といった。この部分で、見ていた友人たちとは一致した。本当に、視聴後の感想、第一声はそれだった。最も、終盤とんでもない笑いどころがあったため、情緒がとんでもないことになっており、まともな判断ができなくっていたともいえる(クリムってやっぱり天才だよ)。しかしまあ、一方で何かこう、すがすがしさがあった。とてもふわりとした、明確な終わりではないというのに、なんだか「これでいいんだなぁ」という感覚があった。はっきり言って、話の説明をしろといえば、「行って帰ってきて、なんかいきあたりばったりして、帰ってきた──。」としか説明できない。いや、説明じゃないだろこれ。何もわかってねぇじゃねぇか。というか、今でもほとんどそれしか説明できない。なーんもわからない。ふんわりとはわかるけど、キャラクターとかの深堀はぜーんぜんできないし、特にⅢに至っては状況がぜーんぜんよめなかった。そんな僕なのだけれど、わかったことはあった。

自由過ぎる。

こいつら行き当たりばったりすぎる。個人主義というか、自分の思ったことをガンガン行動するし、各々自由自在に動き回るからその結果交通事故が起こる。マッチポンプも起こる。目的が合えば協力するし、それが終わったら即座に敵対する。何といえばいいか、大義があんまりない。凄い大きな物事にみんなで向かっているわけではなく、各々が自分の考えで行動して、利害が一致すれば協力するみたいな、それが集合したみたいな。そういう感覚。

世界を見ている感覚という他人の評価は正しいと思う。SFってそうだよな的な。知らない言葉、知らない文化、しらない、人としての在り方。そういうものが詰まっていて、見てる側は読み取る気概が必要になってくる。それはしんどいものだし、めんどくさいものであるのは間違いない。しかし、冷静に考えてみれば、映像を見るときにストレスを感じないことを求めるというのはある意味で逃げているのではないかという論もある(もっとも、ただただ難しいだけで何もない作品もあるから難しい)

なので、とりあえず僕は軸を考えることにした。この物語の軸、言いたいことは何だろう。それをまず、初見の感想として思考することにした。

前提として、Gのレコンギスタは物語をやろうとしていない。主語が大きい気がして怖いが、浅学非才の無知蒙昧ながらそう感じたのは確かだ。ただ、ベースとして世界があり、人がいる。その暮らしと出来事に対して、人々が考えて動き、その結果が物語らしく見える。それはなんというか、それそのものが軸なのだと今考えてわかる。つまり、物語の軸があってそれを成功させるためにキャラクターがいるのではなく、舞台の中でそれぞれが自由に生きた結果、過程、その全てのありかたが軸、といったような。そういう感覚なのである。
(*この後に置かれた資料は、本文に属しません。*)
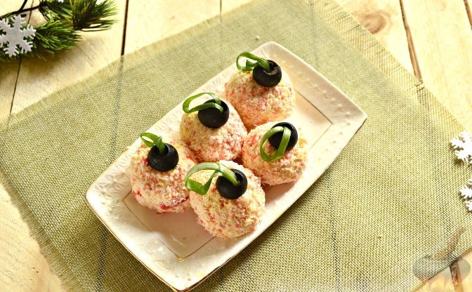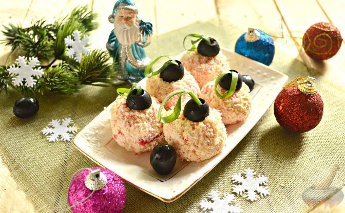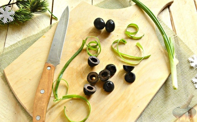 - Оливки разрежьте пополам и поставьте половинку на каждый шар. В качестве веревочки для этих съедобных украшений можно использовать веточки укропа, петрушки, а также перья зеленого лука.
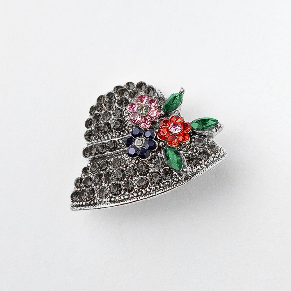 Brosa metalica argintiu antichizat palariuta cu pietricele argintii si flori multicolore
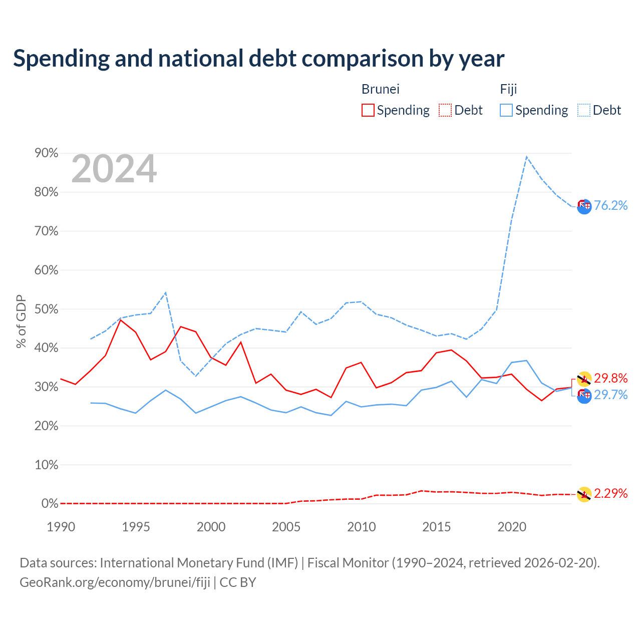 Brunei has $351M in government debt (2.29% of GDP), compared to $4.54B (76.2% of GDP) in Fiji.
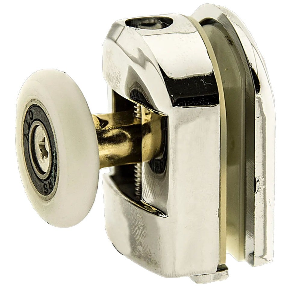 Ролик В-902 В (верхний, одинарный, поворотный, не нажимается) для душевой кабины. С диаметром колес 19, 23, 26, 28 мм. Ставится в верхней части стекла. Задняя часть ролика закрывается декоративным хромированным колпачком. Корпус пластиковый, поворотное колесо, все металлические детали изготовлены из нержавеющих материалов. Посадочные детали изготовлены из пластика, что предотвратит повреждение стекла при установке ролика. При подборе ролика нужно точно знать внутренний диаметр посадочного отверстия в стекле. На данной модели ролика посадочный диаметр составляет 11 мм, под проем в стекле 12 мм. Вылет колеса составляет 24 мм.
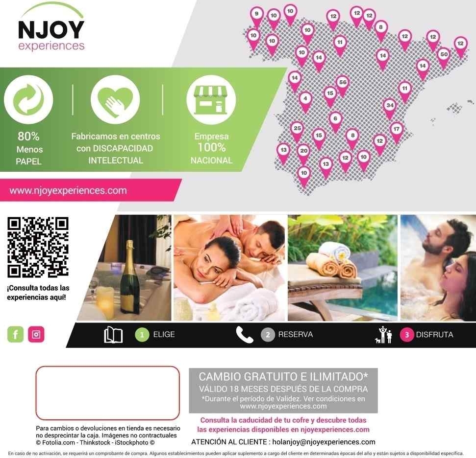 NJOY Experiences te propone el cofre ideal para relajarte y desconectarte en pareja o con amigos. Escoge entre masajes para dos, tratamientos faciales o corporales, circuitos de spa, ¡y mucho más para que vivas un momento único!
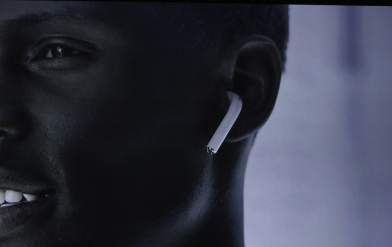 另外,苹果还带来了一款无线耳机AirPods,售价1288元,采用W1芯片,内置麦克风,它的大小如同普通没有线的苹果耳机。支持5小时续航,双击耳机开启Siri,充电盒支持24小时续航,只需要打开就可以让iPhone自动识别,对Apple Watch等产品也都支持。

そしてそこから導き出される、産出されるこう、見終わったあとのすがすがしさ、爽快感というのは、なんというか許しでもあると思う。こうでいいんだ、こういう人間らしさがあっていいんだという気づきが僕の中にあって、それが途方もなく優しいし、元気になれる。

それが多分、僕がGのレコンギスタで受け取ったものだ。間違っているかもしれないけれど、少なくとも、とても前向きな気持ちになれた事実はあって、この気持ちだけは真なのである

元気のG


居場所を無くしたと思った青年が、世界を知り、その中で帰りたい場所に変える。人と人が絡み合って物語ができて、その上で時代の波が産まれていく。そういうことを見終わって今も考えているのだけれど、そう思うと、Gのレコンギスタそのもののメッセージを感じ取ることができる。
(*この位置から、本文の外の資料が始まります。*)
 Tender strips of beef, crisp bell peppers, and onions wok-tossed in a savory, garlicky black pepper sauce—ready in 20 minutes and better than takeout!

前に出よう、冒険しよう。たくさんの事を知ろう。その中で辛いことも幸せなこともあるけれど、立ってみて歩いて思いを掲げて見せればきっとそれは人間らしさで、世界を進めるのは、そういう前を向いて歩いている、一人一人なんだよ──

そういう、とても前向きで背中を押してくれるメッセージ。作品の事は何もわかっていないのに、自分の中で感じるこのメッセージは、もっと生きてもいいなと思えるし、さらにいうなら、強くいきなきゃなとも思えてくる。

さらに、それらをまとめる言葉が元気のGであるということにも気づいた。元気のG、その意味合いと力強さは、なんといえばいいのだろうか。そう、気分すっきりなんだな。これが。

元気のGは、始まりのG。怖い現実に向って、前を向こう。前を向いて歩いたぶんだけ、きっとつかめる栄光があるから。

以上、「感情論で語る「Gのレコンギスタ」でした。